2. According to the device for removing the accumulated scraps on the band saw blade, disclosed by the invention, aiming at the removal of the accumulated scraps on the large-area complicated sawtooth surface, the band saw blade only needs to make simple reciprocating motion in a working box provided with an ultrasonic vibration generator, electrolyte and grinding materials, and the large-area complicated accumulated scraps on the sawtooth surface can be efficiently removed without additional complicated path planning and design. This undoubtedly simplifies the operation process, improves the efficiency of removing built-up debris, and reduces the cost.
Drawings
Fig. 1 is a schematic structural view of a band saw blade built-up chip removing device according to the present invention.

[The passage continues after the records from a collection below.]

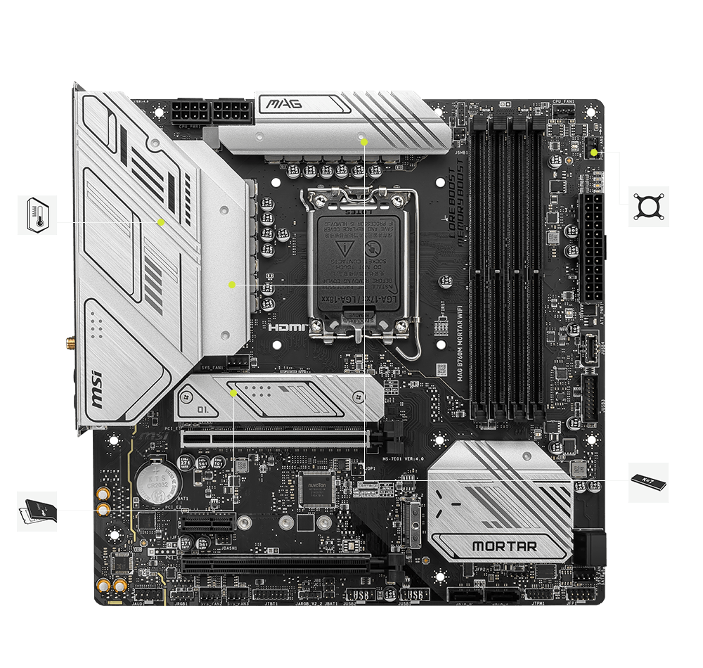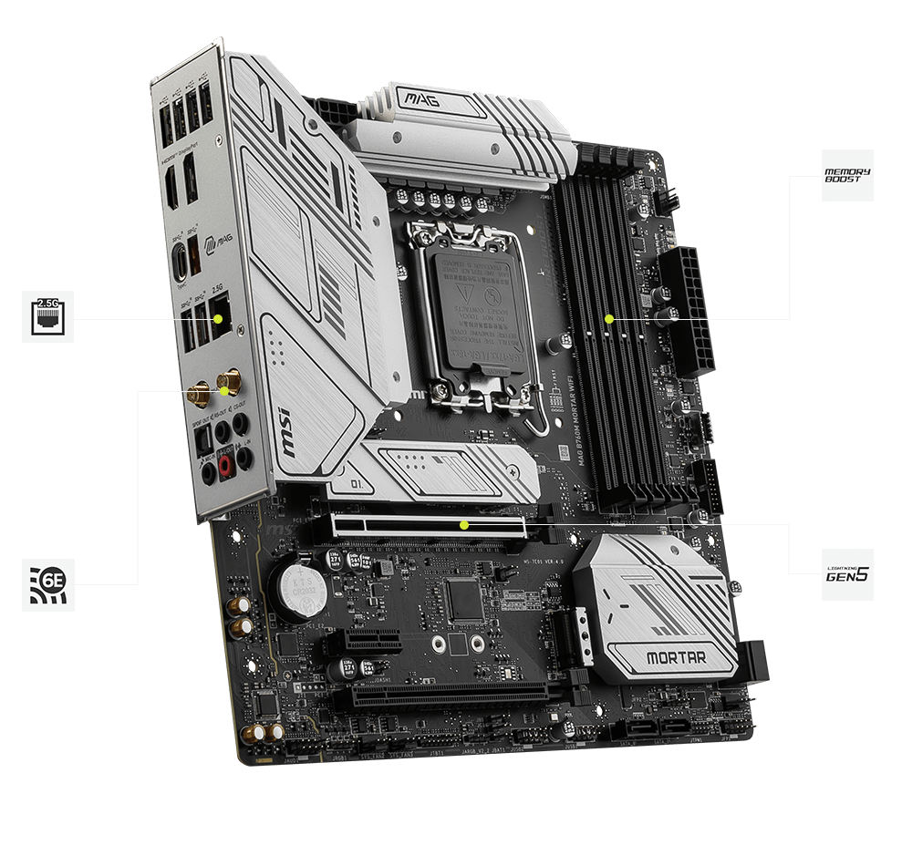 最新的DDR5 记忆体支援,为DDR 性能迈进一大步! 结合独家SMT焊接工艺和MSI Memory Boost 技术,MAG B760M MORTAR MAX WIFI 为您激发更强悍的记忆体性能。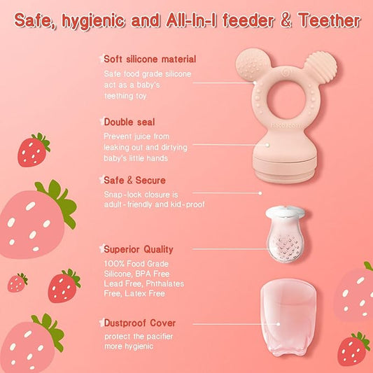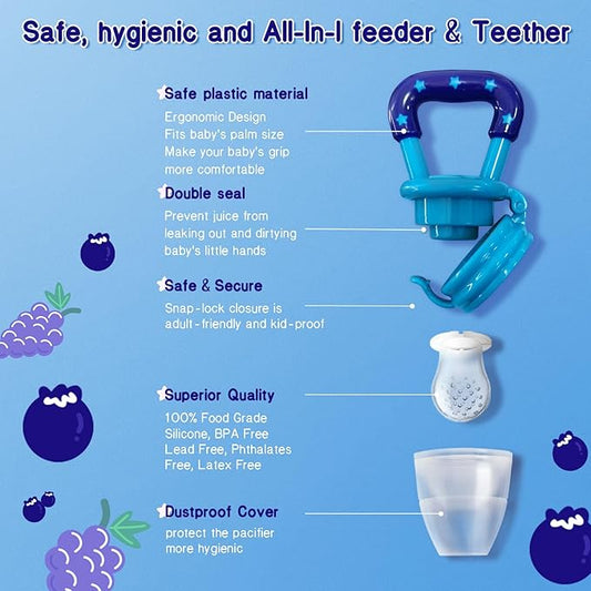 Baby Fruit Feeder with with 2 Extra Teats, Toddler Eating Essentials, BPAFree Feeding Supplies, Silicone Fresh Food Feeder for Safe Infant Self Feeding (Bear- Blue Pink)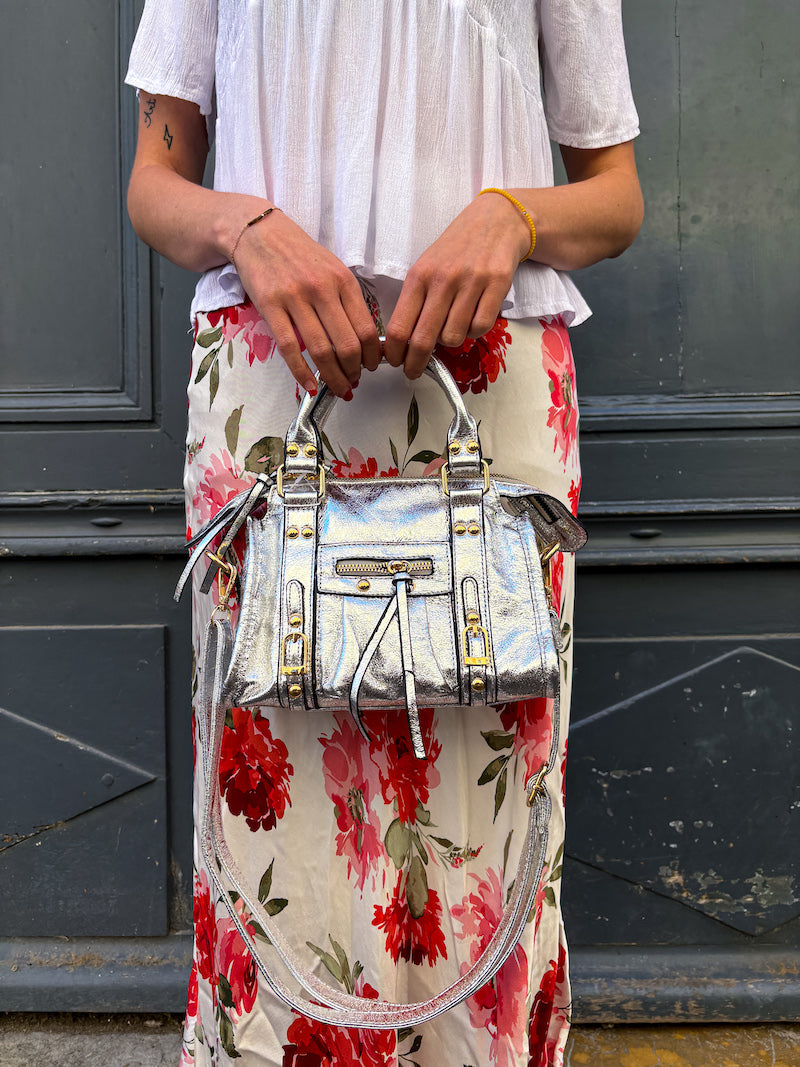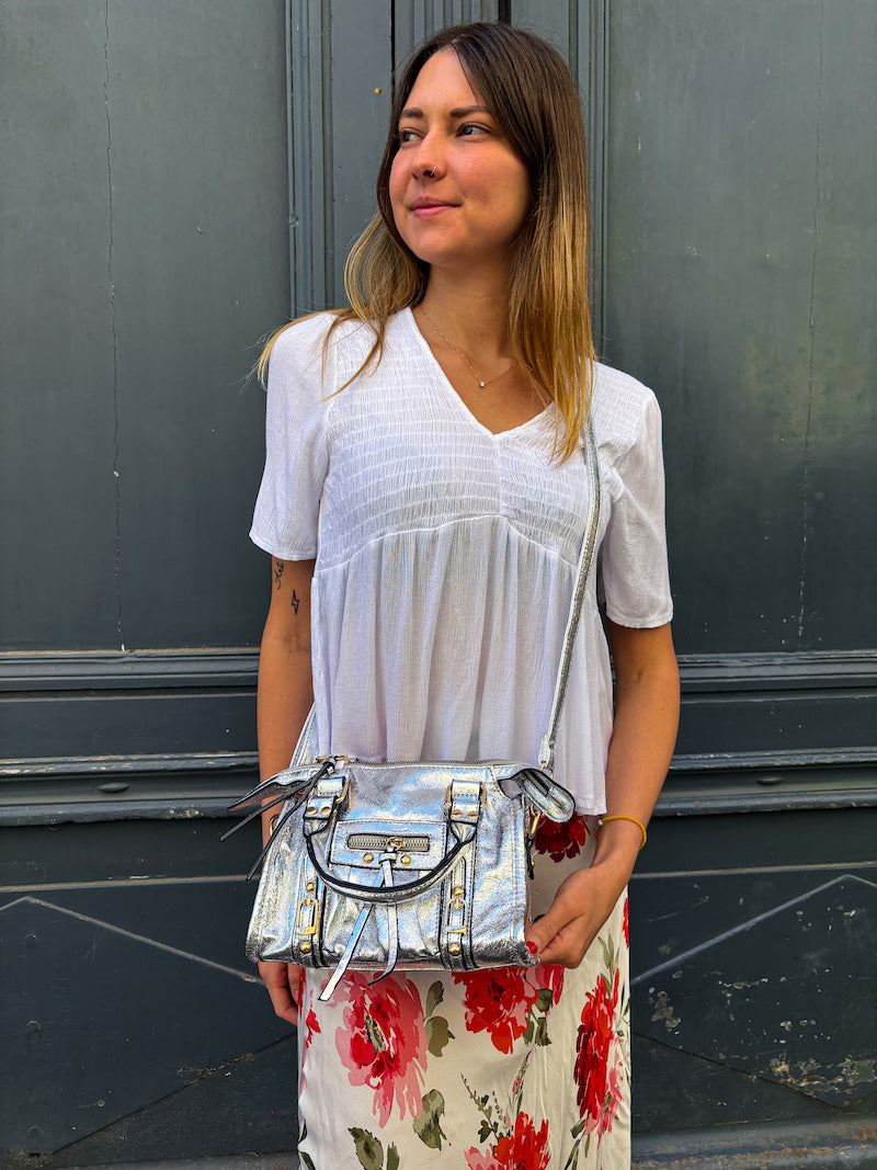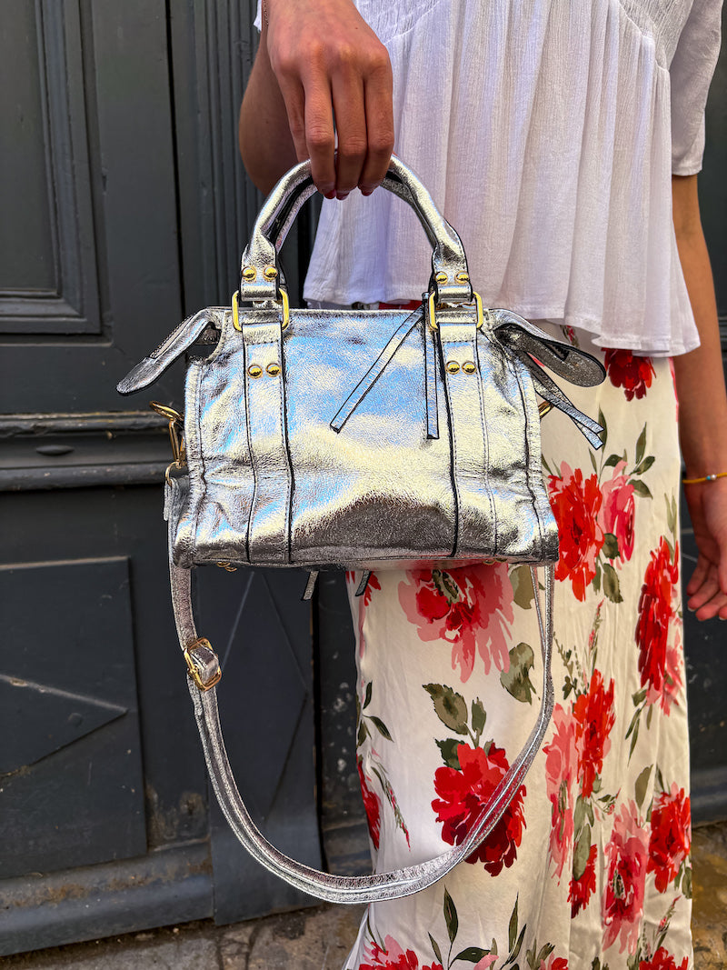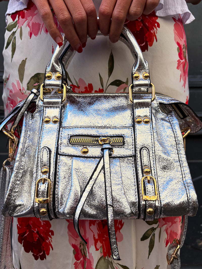 Affichez votre style avec ce sac à main en similicuir argenté brillant, inspiré du célèbre modèle City. Son allure à la fois audacieuse et féminine en fait l'accessoire parfait pour dynamiser toutes vos tenues.

Illustration of the drawings: 1. a controller; 2. an abrasive material supply device; 3. a reel; 4. a band saw blade; 5. an electrolyte tank; 6. an electrolytic cell; 7. an ultrasonic oscillator; 8. a power source; 9. a liquid pump; 10. and (3) a filter.
Detailed Description
The invention is further described below with reference to specific preferred embodiments, without thereby limiting the scope of protection of the invention.
Example (b):
as shown in fig. 1, the device for removing accumulated dust from a band saw blade of the present embodiment includes a controller 1, an abrasive supply device 2, an electrolyte tank 5, an electrolytic bath 6, a power supply 8, a liquid pump 9, a filter 10, an ultrasonic oscillator 7 disposed at a lower end of the electrolytic bath 6, and two circumferentially rotatable reels 3.
The electrolyte tank 5, the filter 10, the liquid pump 9 and the electrolytic bath 6 are connected in sequence through pipelines. The electrolyte tank 5 continuously supplies and updates electrolyte to the electrolytic bath 6 through the liquid pump 9; the abrasive supply device 2 is provided above the electrolytic bath 6 to supply abrasive grains into the electrolytic bath 6 so that the electrolytic bath 6 is filled with the electrolyte and the abrasive grains.
In this embodiment, the abrasive grains are diamond grains.
And measuring the electrochemical polarization curve of the sawtooth and the built-up edge so as to determine electrolyte suitable for electrochemically dissolving the built-up edge or mixed electrolyte formed by combining a plurality of types of electrolysis.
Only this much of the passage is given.